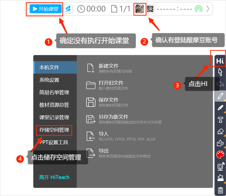 Step1:請(qǐng)先確定是在編輯模式下(也就是沒(méi)有執(zhí)行「開(kāi)始課堂」),再點(diǎn)選Hi鈕,出現(xiàn)選單后,點(diǎn)選儲(chǔ)存空間管理。
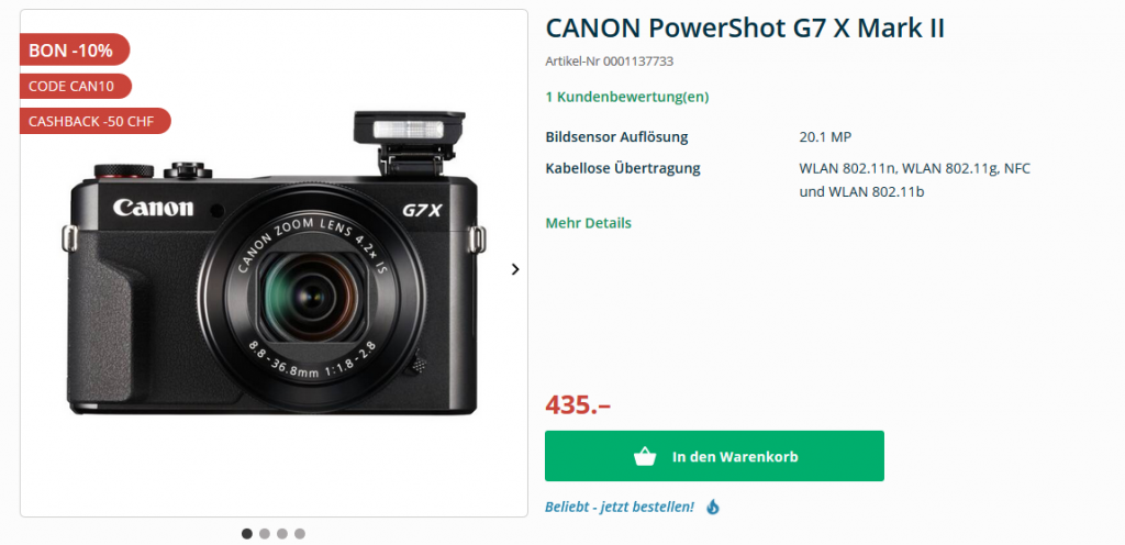 Canon G7X II aktuell mit Rabattcode = 391.50- CHF (toppreis: 478.95- CHF)
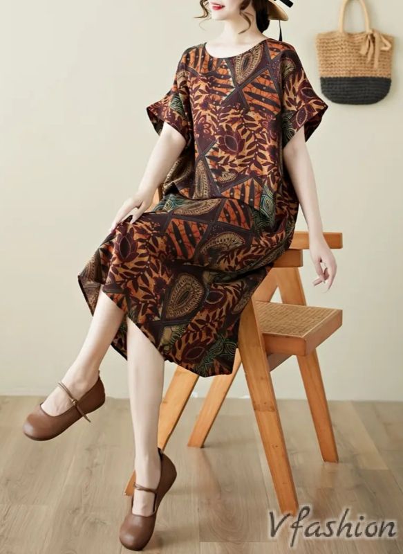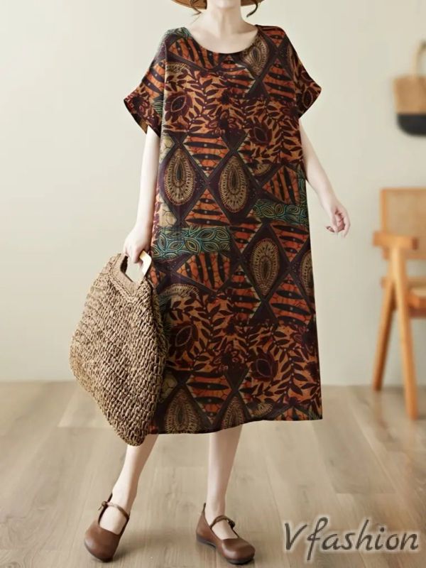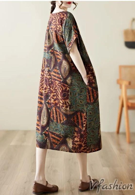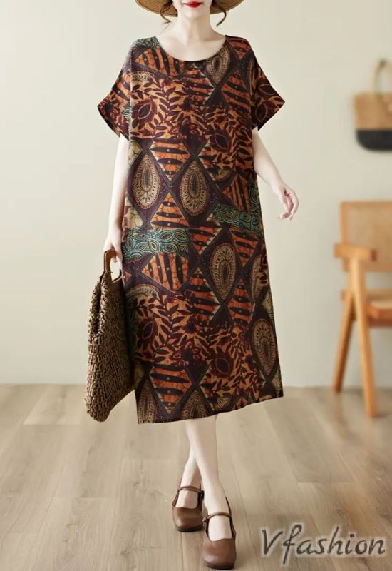 Ленена рокля с удобни странични джобови и принт в бохо стил.
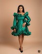 This enchanting mini-dress is a romantic and high-fashion statement piece, crafted from a luxurious, lustrous fabric, satin, in a delicate green hue, giving it a beautiful sheen and structure. The dress features a dramatically ruched off-the-shoulder neckline, which extends into long sleeves that flare out at the wrist, creating voluminous, tiered ruffle cuffs that mirror the detailing at the shoulders. The bodice is fitted and structured, cinching the waist before flowing into a short, A-line skirt that is finished with a large, elaborate hemline ruffle. Adding a classic touch, the front of the dress is adorned with a line of matching pink buttons running down the center. This design is a perfect blend of feminine drama and playful elegance, making it a truly unforgettable garment. This stunning and elaborate mini-dress is ideally suited for special celebratory occasions and elegant evening events. It is the perfect choice for a birthday party, a cocktail reception, a bridal or baby shower, a graduation celebration, or a romantic date night where a statement-making, glamorous look is desired. Material: Satin Color: green
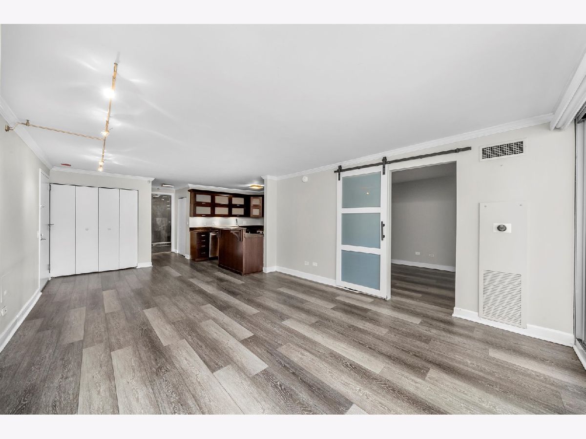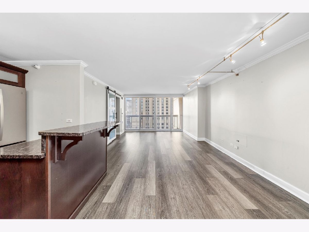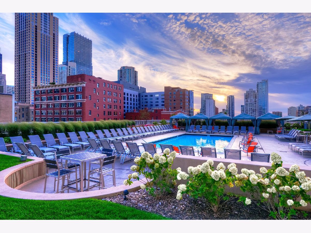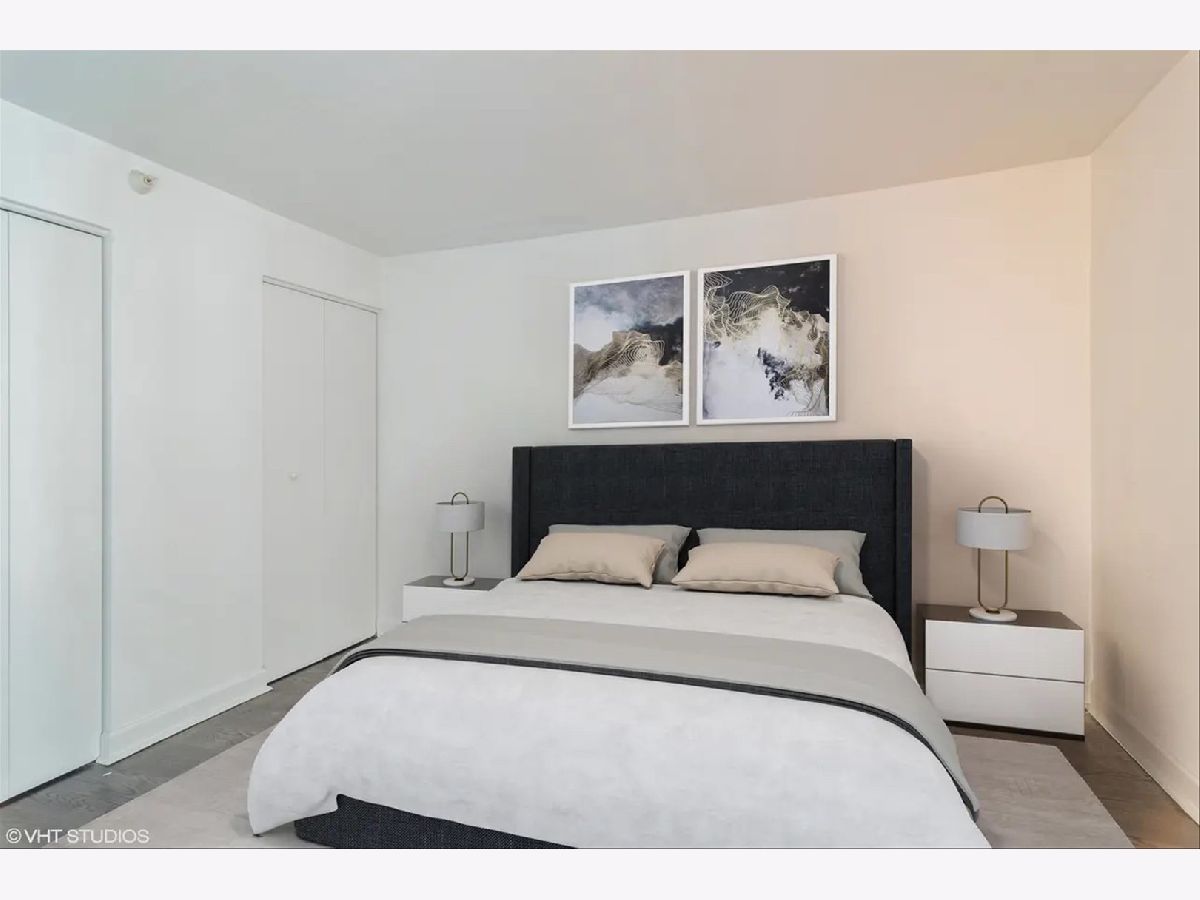 Experience elevated living at Grand Plaza in the heart of River North. This custom-updated modern 1-bedroom condo offers stunning east-facing city views and an exceptional blend of style, comfort, and functionality. The spacious, sun-filled living area features floor-to-ceiling windows, remote-controlled blinds, and sleek wood flooring, creating a bright and inviting atmosphere. The fully customized chef's kitchen is thoughtfully designed with custom wood cabinetry with frosted glass, a built-in wine/beverage refrigerator seamlessly integrated into the island, and a large island providing additional storage and seating-perfect for both everyday living and entertaining. The home boasts four meticulously redesigned closets, including an oversized walk-in, offering outstanding organization and storage. Each closet features a smart mix of long-hang and short-hang sections, upper shelving for extra storage, generous shoe space, and dedicated areas for folded linens. The adjustable design allows for easy customization to suit your needs. Unwind in the spa-like bathroom, complete with a glass walk-in shower and sleek glass enclosure for a refined, modern finish. Step outside onto your private balcony, perfect for relaxing or savoring a morning coffee. Grand Plaza offers over 50,000 square feet of resort-style amenities, including an outdoor pool, sauna, steam room, state-of-the-art fitness center with running track, basketball court, business center, media room, package room, and 24-hour door staff. Located in the heart of downtown Chicago, it's just steps from premier dining, shopping, entertainment, and public transportation. Rent includes: HD cable, high-speed 500 Mbps internet/Wi-Fi, gas, water, air conditioning, and heat. Tenant only pays electric - approximately $25-$35 per month.
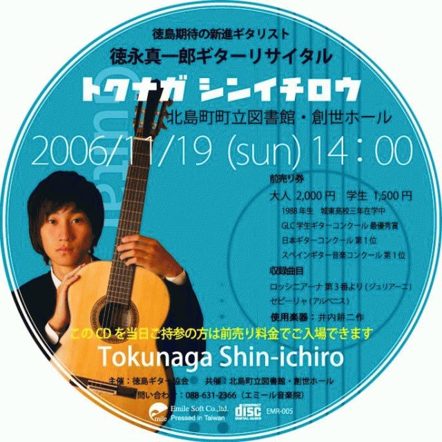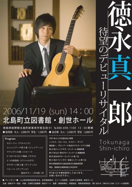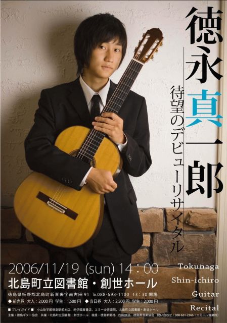 【徳永真一郎!】 待望のデューリサイタル 日時 2006年11月19日日曜 14:00開演 会場 北島町立図書館創世ホール 前売券大人2000円 学生1500円 当日各500円UP 主催 徳島ギター協会 http://www.guitar.gr.jp/tga/ 『徳永真一郎』〜略歴〜 1997年より川竹道夫に師事 ニコラス・ゴルセース、オスカー・ギリア、福田進一、 グロンドーナ各氏のマスタークラス受講 第27回GLC学生ギターコンクール最優秀賞 第30回日本ギターコンクール第1位 第21回スペインギター音楽コンクール第1位 第8回徳島県文化協会芸術文化奨励賞
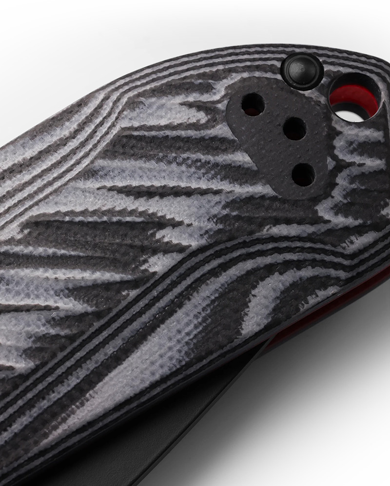 Benchmade Freek - форма і зміст в одному ножі. Перший варіант в сімействі Freek, який об'єднує два неймовірно міцних матеріалу: G10 і CPM-M4. Сіро-чорний багатошаровий G10 фрезерований для забезпечення відмінного зчеплення і стилю, в той час як червоний базовий шар G10 і розпірки корпусу з анодованого алюмінію надають рукояткам додатковий цікавий відтінок.
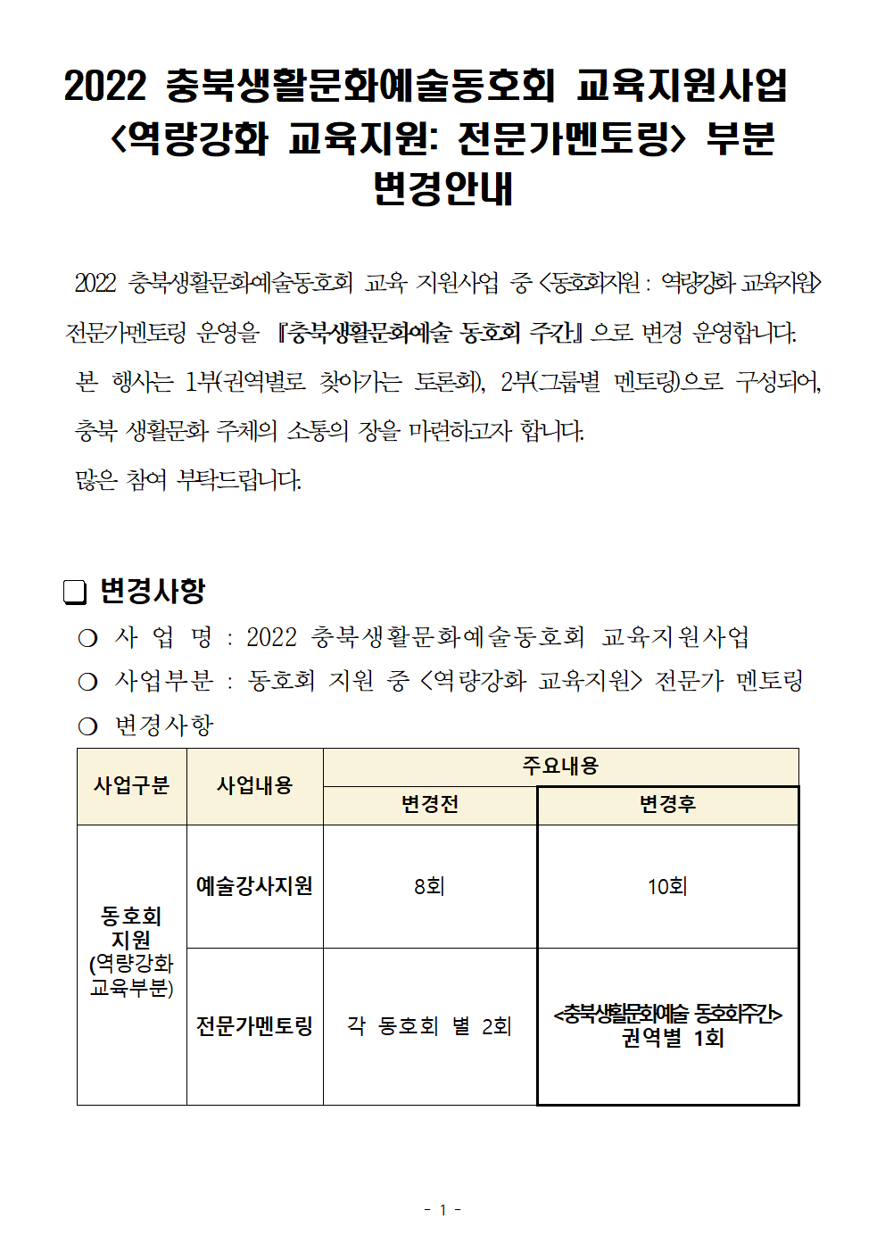 | 2022 충북생활문화예술동호회 교육지원 사업 <역량강화 교육지원: 전문가멘토링> 부분 변경안내 | |||||
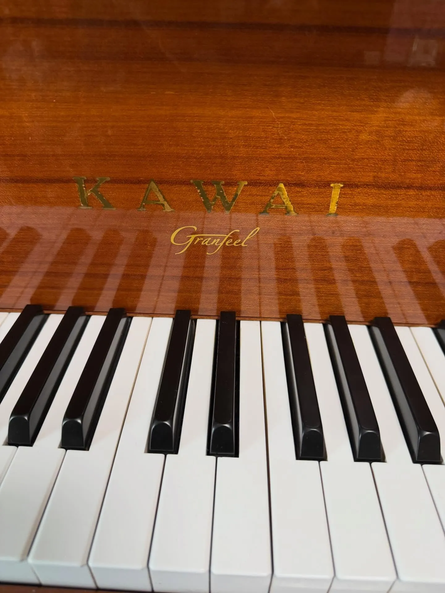 この写真から伝わるのは「大切に使われている楽器」という空気です。鍵盤の整った並び、反射する木目、丁寧に保たれた外装。そこには、日々の調律やメンテナンスが積み重ねられています。
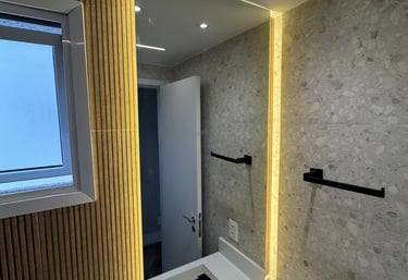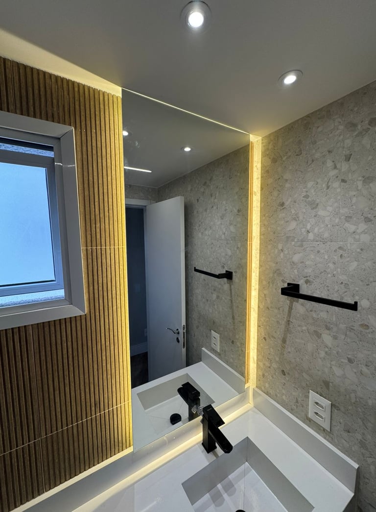 Espelhos sob medida com acabamento impecável para ampliar e iluminar seus ambientes.
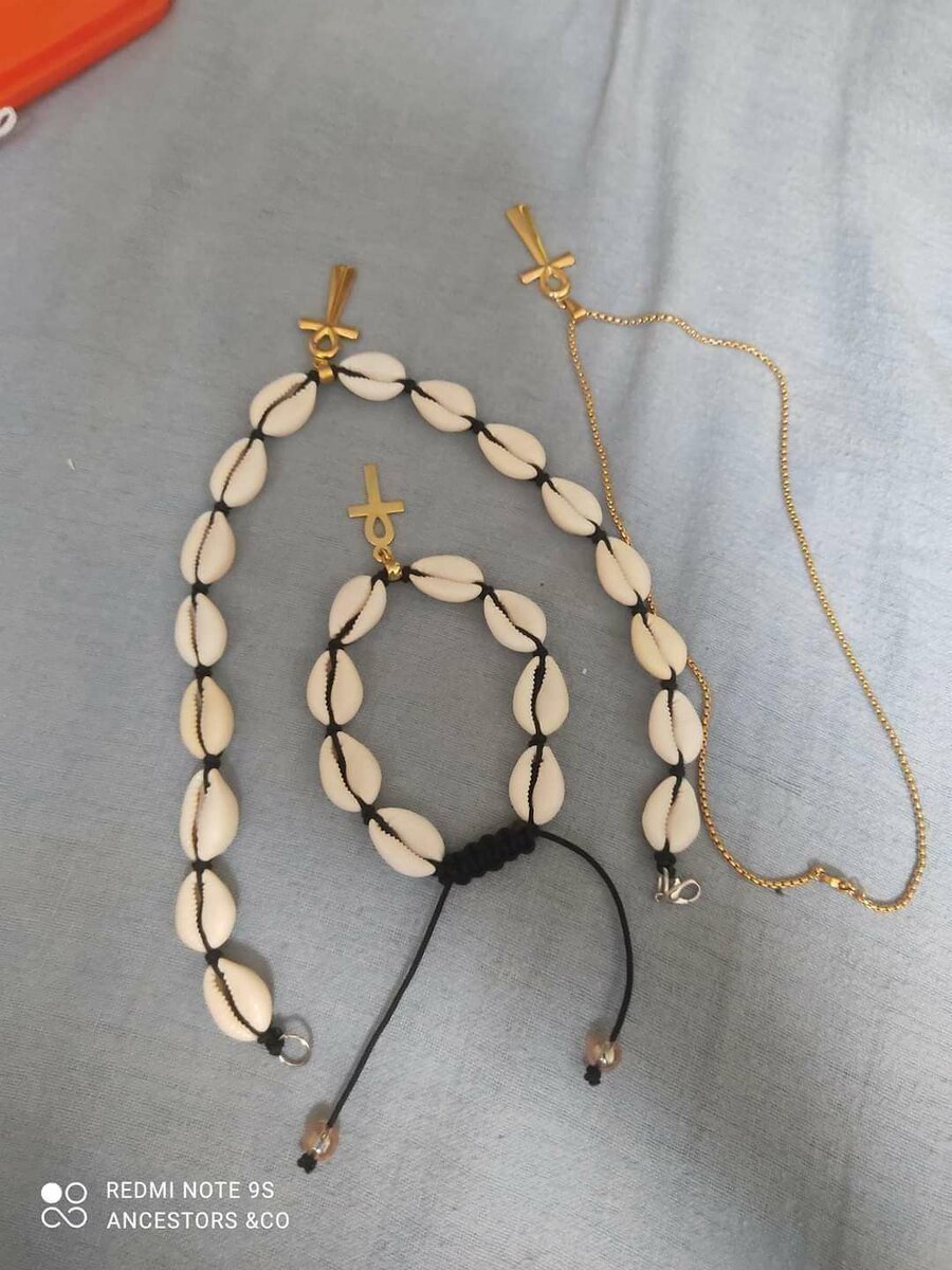 1 ensemble cauris + bracelet 1 chanche ankh dorée
====
Only the lines from the one with "부분 변경안내 | |||||" through the final line of the entries above are to be repeated, exactly as written and without pictures.

 | 2022 충북생활문화예술동호회 교육지원 사업 <역량강화 교육지원: 전문가멘토링> 부분 변경안내 | |||||
 この写真から伝わるのは「大切に使われている楽器」という空気です。鍵盤の整った並び、反射する木目、丁寧に保たれた外装。そこには、日々の調律やメンテナンスが積み重ねられています。
 Espelhos sob medida com acabamento impecável para ampliar e iluminar seus ambientes.
 1 ensemble cauris + bracelet 1 chanche ankh dorée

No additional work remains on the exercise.